I am developing a C# control for my own use that will be used lots of times
on a form. It's inherited direct from Control, so I am doing all the drawing
myself... and as there are lots of possible 'bells and whistles' that each
control may use, there are lots of brushes, pens, fonts etc that I want to
optimise the use of. In other words, lots of unmanaged resources that need
to be Disposed after use.

The main optimisation that I wanted to do was to make these items STATIC.
This should be a great thing to do because then I have one initialisation of
each of these things, instead of potentially hundreds.

The trouble is, where would I then safely dispose of these items? The
'standard dispose mechanism' is well documented for instance variables, but
as far as I can tell there is no sure way to manage disposal of anything
declared static... or can I rely on .NET to correctly free such windows
resources when the program is closed?

Can anyone help?

Nij
Feb 16 '06 #1
2 1805
> ... or can I rely on .NET to correctly free such windows
resources when the program is closed?


If the controls will exist until program termination, then I would not worry
about disposing anything, and your idea of using statics should be ok. I do
the same in a couple of forms of mine without any problems.

Feb 16 '06 #2
nij
"AMercer" wrote:
If the controls will exist until program termination, then I would not worry
about disposing anything, and your idea of using statics should be ok. I do
the same in a couple of forms of mine without any problems.


Thanks AMercer,

So far, I have not had any (apparent) issues with resource leakage - like
from all the time I didn't understand IDisposable at all and was using 'new
Font' like crazy and not even within a 'using' block!

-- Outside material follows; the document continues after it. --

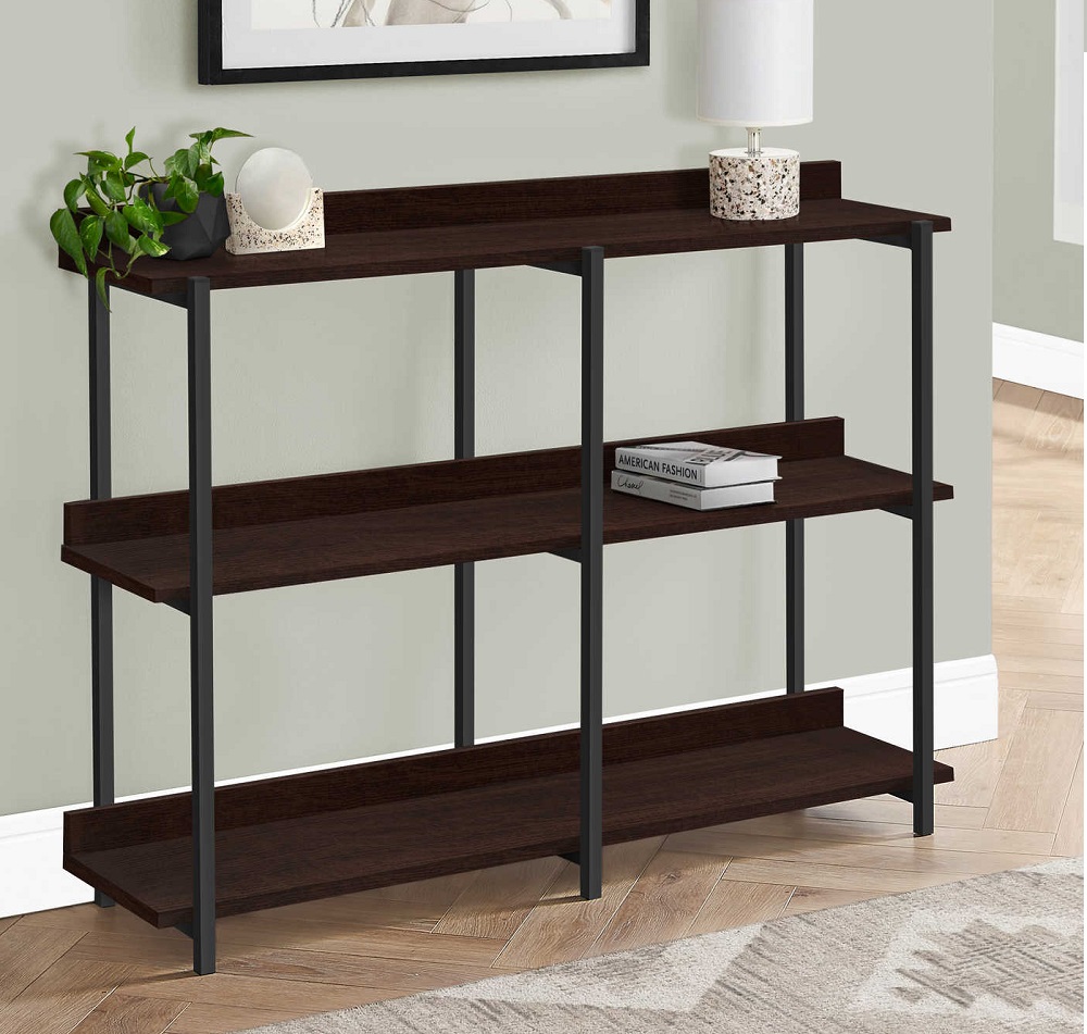 - 3-tier console table featuring a long, rectangular tabletop and 2 storage shelves in a elegant dark-brown espresso finish

So, like you, I am
reasonably confident that a little bit of abuse of the system here and there
won't muck things up for too many people.

But then I read much of "Effective C#" by Bill Wagner, and lots of other
stuff about correct usage of the 'Standard Dispose Pattern' like in MSDN
help... but nothing mentions unmanaged resources and static members, so...

But I'd still be keen to hear if there is some secret way that .Net, or
perhaps Windows itself, will detect e.g. my program termination, and
automatically clear up dangling resources at that point, or if this really is
a black hole in the C# spec, or just 'not good practice' (and why) or
whatever!

Many thanks for taking the time to respond!